▼▼▼

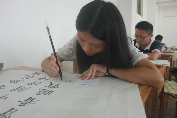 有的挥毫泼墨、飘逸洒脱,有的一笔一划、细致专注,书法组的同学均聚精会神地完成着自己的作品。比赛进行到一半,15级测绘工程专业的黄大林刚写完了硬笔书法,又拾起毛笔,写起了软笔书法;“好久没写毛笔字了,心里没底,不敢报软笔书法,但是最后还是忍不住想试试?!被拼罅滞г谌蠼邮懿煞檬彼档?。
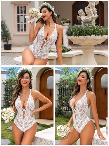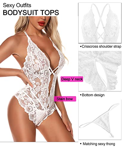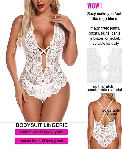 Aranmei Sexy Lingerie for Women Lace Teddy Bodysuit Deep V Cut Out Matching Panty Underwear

▲▲▲
▼▼▼

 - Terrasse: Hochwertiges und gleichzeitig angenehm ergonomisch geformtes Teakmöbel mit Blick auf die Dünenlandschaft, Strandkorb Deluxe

▲▲▲

__Exercise description__. Print the line above containing "有的挥毫泼墨、飘逸洒脱,有的", the line containing "Aranmei Sexy Lingerie", and everything between them, exactly as written. Pictures stay out.

__Response to this exercise__.
 有的挥毫泼墨、飘逸洒脱,有的一笔一划、细致专注,书法组的同学均聚精会神地完成着自己的作品。比赛进行到一半,15级测绘工程专业的黄大林刚写完了硬笔书法,又拾起毛笔,写起了软笔书法;“好久没写毛笔字了,心里没底,不敢报软笔书法,但是最后还是忍不住想试试?!被拼罅滞г谌蠼邮懿煞檬彼档?。
 Aranmei Sexy Lingerie for Women Lace Teddy Bodysuit Deep V Cut Out Matching Panty Underwear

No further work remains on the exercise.